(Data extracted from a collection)
____________________

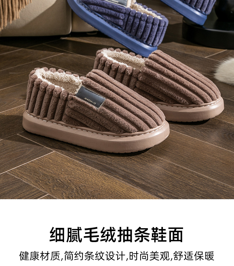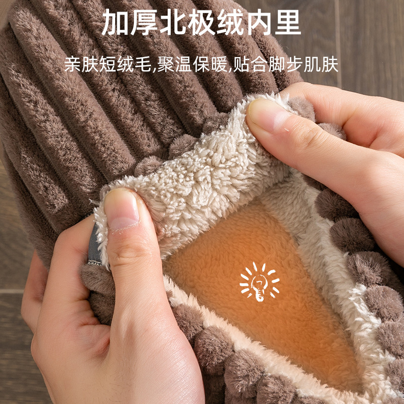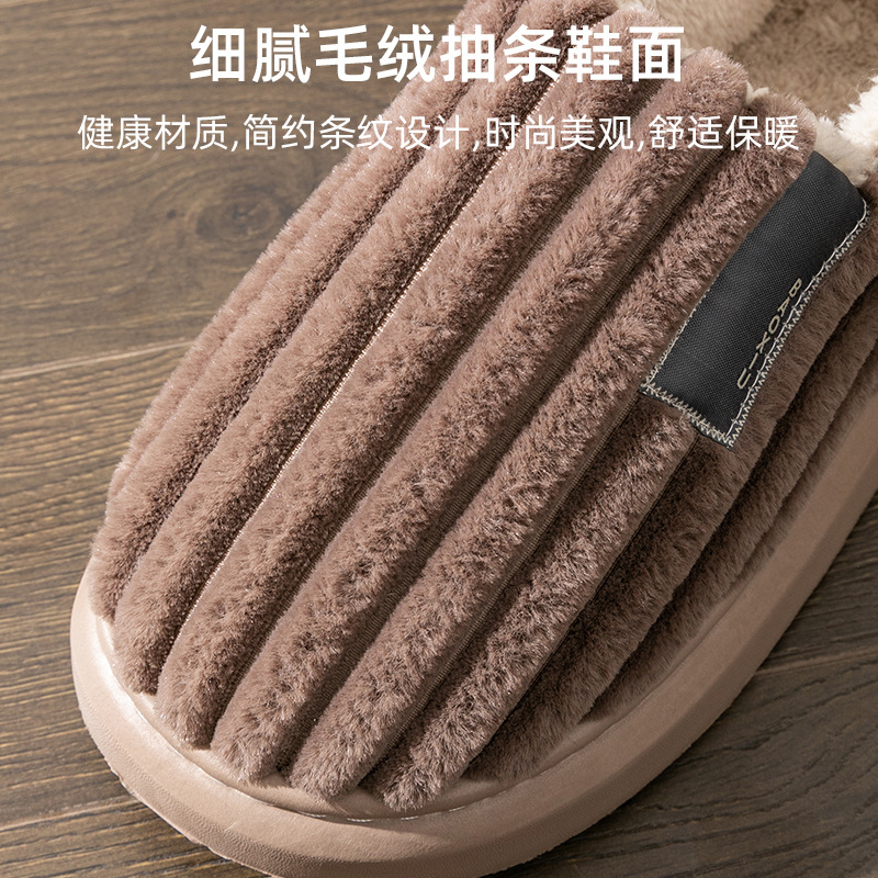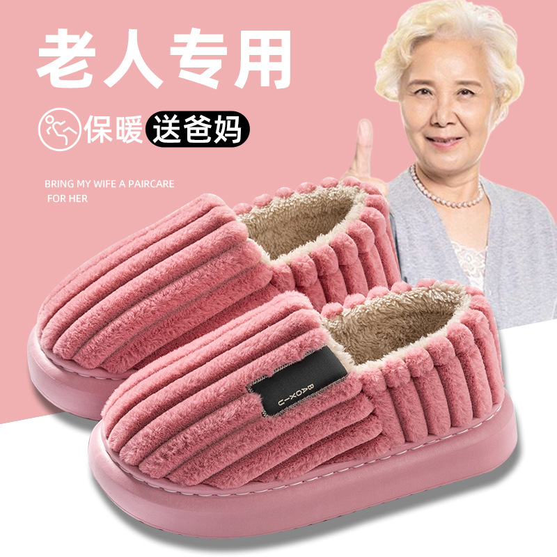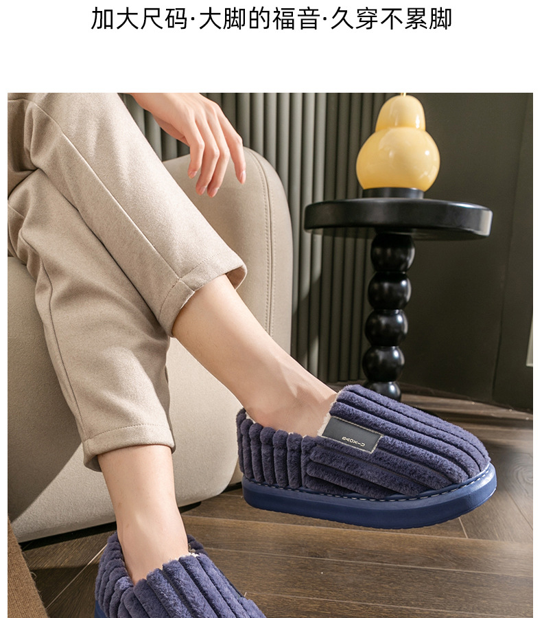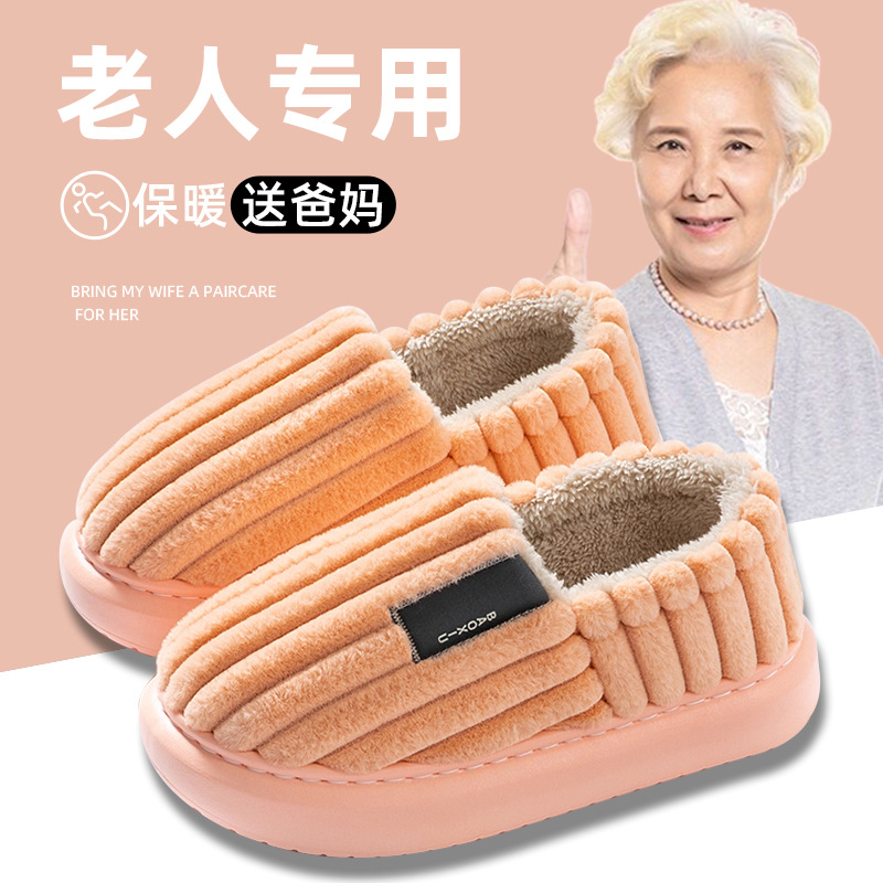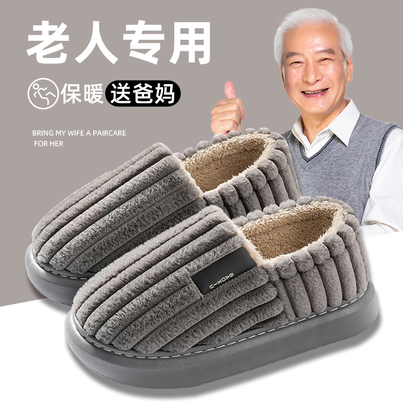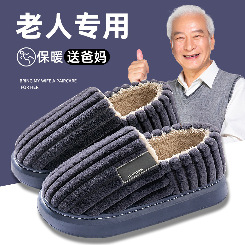 老人防滑棉拖鞋男士家居秋冬包脚后跟室内厚底大码毛绒棉鞋男冬天
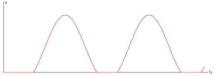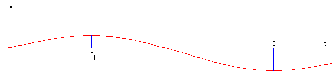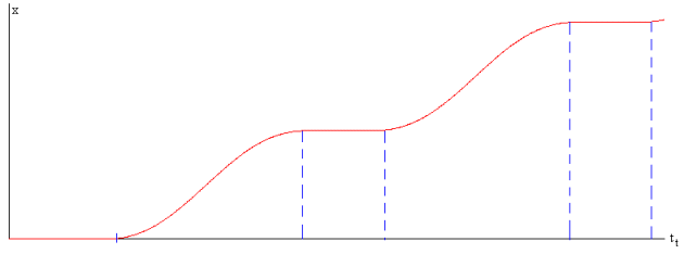 En la figura, se muestra la velocidad de la caja en función del tiempo. La raíz buscada t está entre el instante t1 para el que la velocidad es máxima y el instante t2 para el cual la velocidad es mínima. El máximo y el mínimo son las raíces de la ecuación
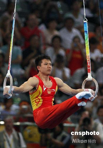 8月14日,北京奧運會體操男子個人全能決賽中,中國小將陳一冰未能發(fā)揮出水平,以總分74.225意外墊底。中新社發(fā) 武仲林 攝
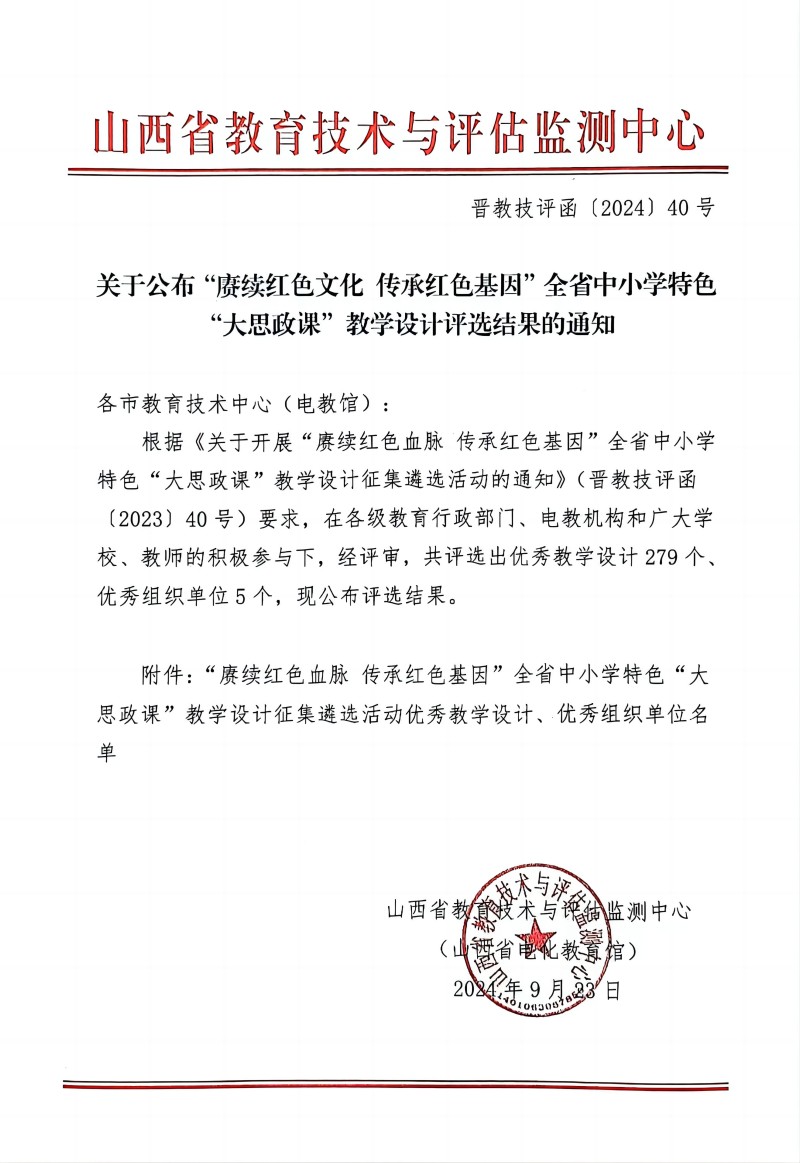 关于公布“赓续红色文化 传承红色基因“全省中小学特色“大思政课”教学设计评选结果的通知
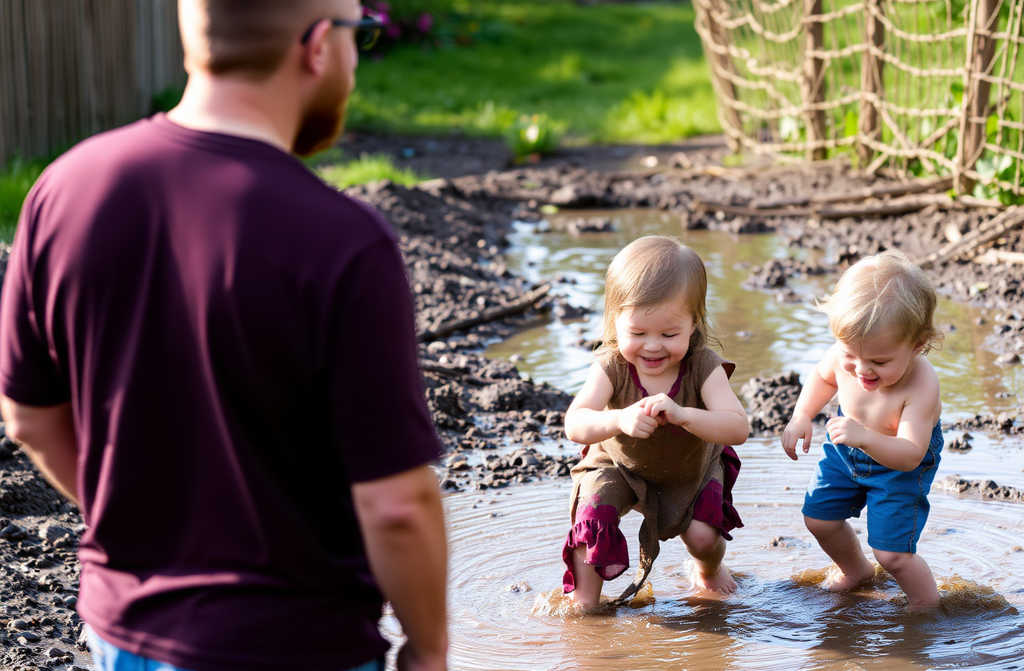 Wyszedł z samochodu. Zapach mokrej ziemi uderzył w niego — ziemski, surowy. Jego czteroletni bliźniacy, Kacper i Karol, wrzaskliwie wyrażali radość, pomagając sobie nawzajem utrzymać równowagę w śliskiej kałuży.
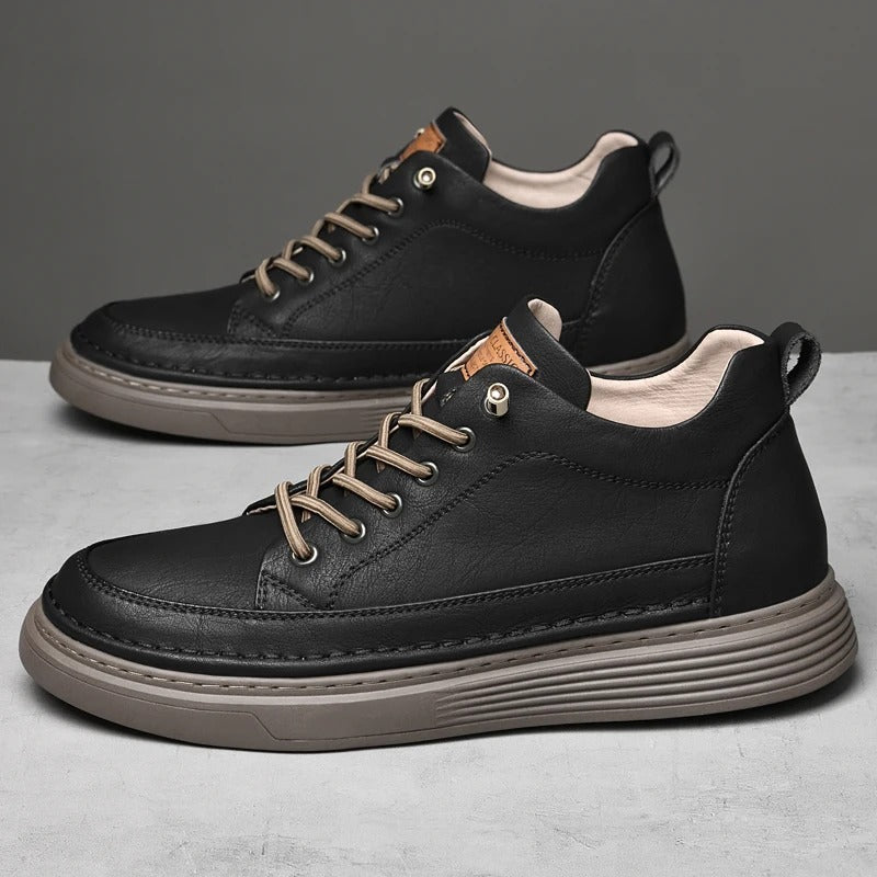 Finest genuine leather with pre-tied laces give this sneaker a refined. ready-to-wear look. furnished with an arch-supporting. cushioned footbed for unmatched comfort.
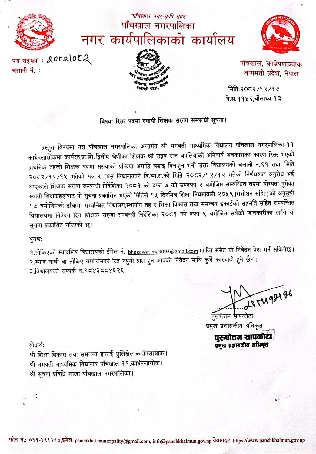» रिक्त पदमा सोही तहका शिक्षक सरुवा सम्बन्धी सूचना
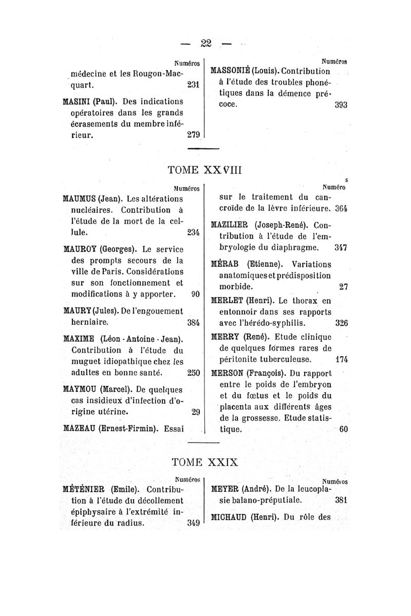 Tables (la première des noms des auteurs, et la seconde des matières) des thèses soutenues à la Faculté de Médecine de Paris, pendant l'année scolaire 1906-1907
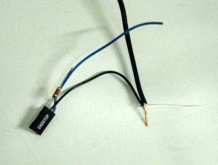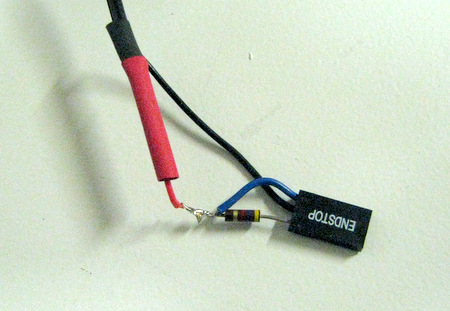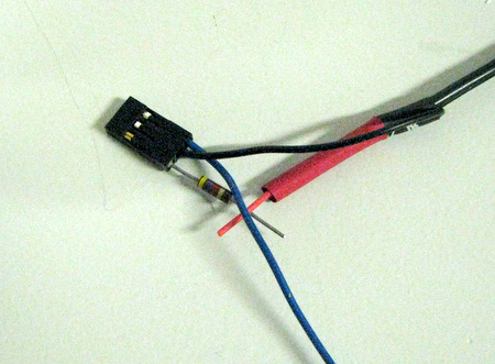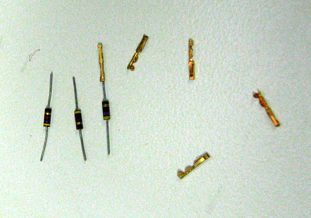 Completed switch wiring with shrunken insulation You will need 3 1/4 watt 4.7k ohm resistors. cut the leads to about 1/2 inch. Crimp on a mating contact. If you are not using a crimping tool you might want to solder the contact. |
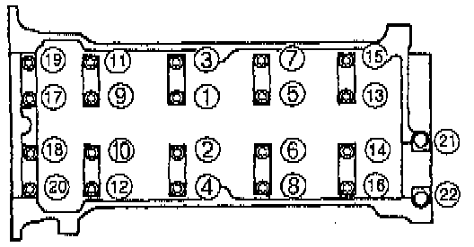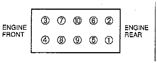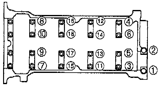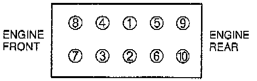 1. Loosen the cylinder head bolts in two or three steps in the order shown.
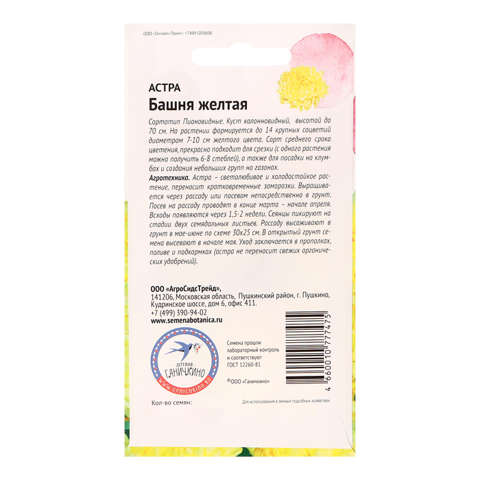 Сортотип Пионовидные. Куст колонновидный, высотой до70 см. На растении формируется до 14 крупных соцветий диаметром 7-10 см, желтого цвета. Сорт среднего срока цветения, прекрасно подходит для срезки (с одного рас- тения можно получить 6-8 стеблей), а также для посадки на клумбах и создания небольших групп на газонах. Агротехника. Астра — светолюбивое и холодостойкое рас- тение, переносит кратковременные заморозки. Выращива- ется через рассаду или посевом непосредственно в грунт. Посев на рассаду проводят в конце марта-начале апреля. Всходы появляются через 1,5-2 недели. Сеянцы пикируют на стадии двух семядольных листьев. Рассаду высаживают в грунт в мае-июне по схеме 30х25 см. В открытый грунт семена высевают в начале мая. Уход заключается в пропол- ках, поливе и подкормках (астра не переносит свежих орга- нических удобрений).
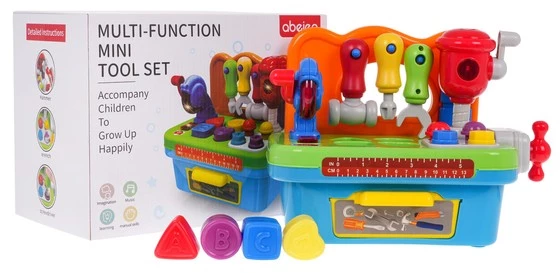 Multifunkcyjny, interaktywny warsztat dla maluszka od trzeciego roku życia, z efektami dźwięku i światła. Zabawka wykonana została z najlepszej jakości plastiku w żywych kolorach i jest całkowicie bezpieczna dla maluszka. Każdy element zestawu, został specjalnie przystosowany do rączek maluszka, a praktyczne uchwyty, umożliwiają łatwe uruchamianie. Na blacie warsztatu znajduje się piła tarczowa z efektami dźwięku charakterystycznego dla tego urządzenia i efektami światła, sorter kształtów i kolorów. Po boku warsztatu jest pokrętło, które podczas ruchu wydaje odgłosy. Nad blatem mamy półkę do zawieszenia narzędzi takich jak śrubokręt, klucz francuski i młotek. Tutaj znajduje się również ruchomy młot udarowy z efektem dźwięku i światła. Pod blatem warsztatu jest otwierana szufladka na klocuszki i narzędzia. Zabawka stymuluje zmysły maluszka i zachęca do aktywnej zabawy. Idealnie rozwija zdolności motoryczne i myślenia. Zabawka zasilana jest bateriami typu 3 x AG13 (baterie znajdują się w zestawie).
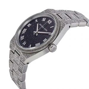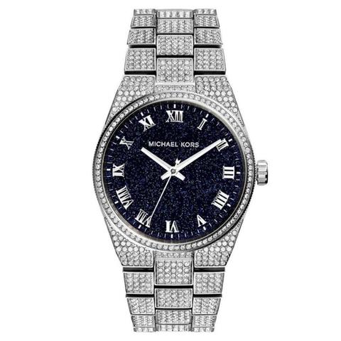 שעון Stainless Steel בצבע כסף משובץ אבני קריסטל לוח השעון כחול בשילוב אותיות רומיות כסופות
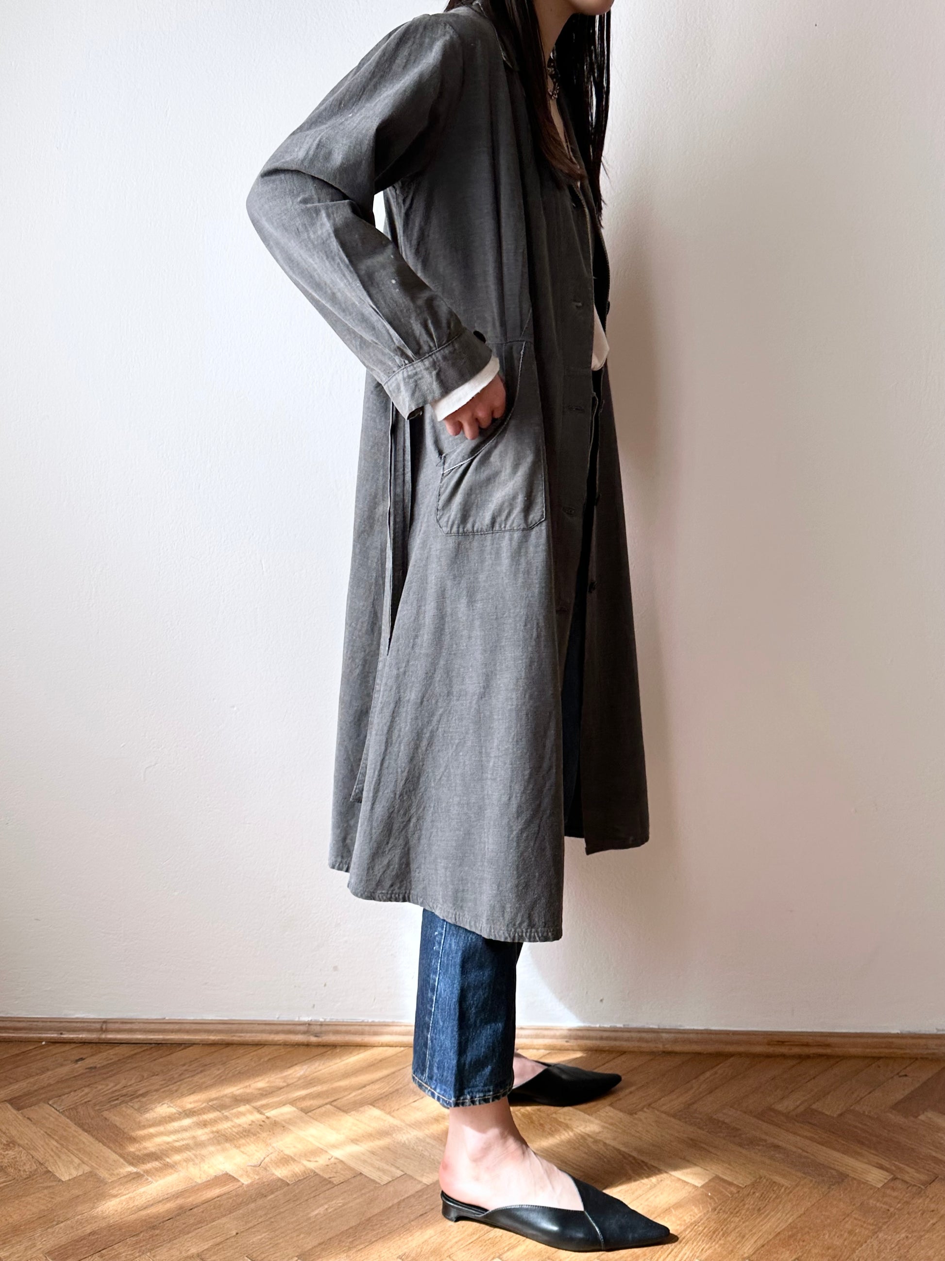 フランスのとても古いコットンシャンブレーシャツコート/ドレス。

____________________

• **Task item**
Restate each line above exactly, keeping pictures out.

• **Task solution**
 老人防滑棉拖鞋男士家居秋冬包脚后跟室内厚底大码毛绒棉鞋男冬天
 En la figura, se muestra la velocidad de la caja en función del tiempo. La raíz buscada t está entre el instante t1 para el que la velocidad es máxima y el instante t2 para el cual la velocidad es mínima. El máximo y el mínimo son las raíces de la ecuación
 8月14日,北京奧運會體操男子個人全能決賽中,中國小將陳一冰未能發(fā)揮出水平,以總分74.225意外墊底。中新社發(fā) 武仲林 攝
 关于公布“赓续红色文化 传承红色基因“全省中小学特色“大思政课”教学设计评选结果的通知
 Wyszedł z samochodu. Zapach mokrej ziemi uderzył w niego — ziemski, surowy. Jego czteroletni bliźniacy, Kacper i Karol, wrzaskliwie wyrażali radość, pomagając sobie nawzajem utrzymać równowagę w śliskiej kałuży.
 Finest genuine leather with pre-tied laces give this sneaker a refined. ready-to-wear look. furnished with an arch-supporting. cushioned footbed for unmatched comfort.
» रिक्त पदमा सोही तहका शिक्षक सरुवा सम्बन्धी सूचना
 Tables (la première des noms des auteurs, et la seconde des matières) des thèses soutenues à la Faculté de Médecine de Paris, pendant l'année scolaire 1906-1907
 Completed switch wiring with shrunken insulation You will need 3 1/4 watt 4.7k ohm resistors. cut the leads to about 1/2 inch. Crimp on a mating contact. If you are not using a crimping tool you might want to solder the contact. |
 1. Loosen the cylinder head bolts in two or three steps in the order shown.
 Сортотип Пионовидные. Куст колонновидный, высотой до70 см. На растении формируется до 14 крупных соцветий диаметром 7-10 см, желтого цвета. Сорт среднего срока цветения, прекрасно подходит для срезки (с одного рас- тения можно получить 6-8 стеблей), а также для посадки на клумбах и создания небольших групп на газонах. Агротехника. Астра — светолюбивое и холодостойкое рас- тение, переносит кратковременные заморозки. Выращива- ется через рассаду или посевом непосредственно в грунт. Посев на рассаду проводят в конце марта-начале апреля. Всходы появляются через 1,5-2 недели. Сеянцы пикируют на стадии двух семядольных листьев. Рассаду высаживают в грунт в мае-июне по схеме 30х25 см. В открытый грунт семена высевают в начале мая. Уход заключается в пропол- ках, поливе и подкормках (астра не переносит свежих орга- нических удобрений).
 Multifunkcyjny, interaktywny warsztat dla maluszka od trzeciego roku życia, z efektami dźwięku i światła. Zabawka wykonana została z najlepszej jakości plastiku w żywych kolorach i jest całkowicie bezpieczna dla maluszka. Każdy element zestawu, został specjalnie przystosowany do rączek maluszka, a praktyczne uchwyty, umożliwiają łatwe uruchamianie. Na blacie warsztatu znajduje się piła tarczowa z efektami dźwięku charakterystycznego dla tego urządzenia i efektami światła, sorter kształtów i kolorów. Po boku warsztatu jest pokrętło, które podczas ruchu wydaje odgłosy. Nad blatem mamy półkę do zawieszenia narzędzi takich jak śrubokręt, klucz francuski i młotek. Tutaj znajduje się również ruchomy młot udarowy z efektem dźwięku i światła. Pod blatem warsztatu jest otwierana szufladka na klocuszki i narzędzia. Zabawka stymuluje zmysły maluszka i zachęca do aktywnej zabawy. Idealnie rozwija zdolności motoryczne i myślenia. Zabawka zasilana jest bateriami typu 3 x AG13 (baterie znajdują się w zestawie).
 שעון Stainless Steel בצבע כסף משובץ אבני קריסטל לוח השעון כחול בשילוב אותיות רומיות כסופות
 フランスのとても古いコットンシャンブレーシャツコート/ドレス。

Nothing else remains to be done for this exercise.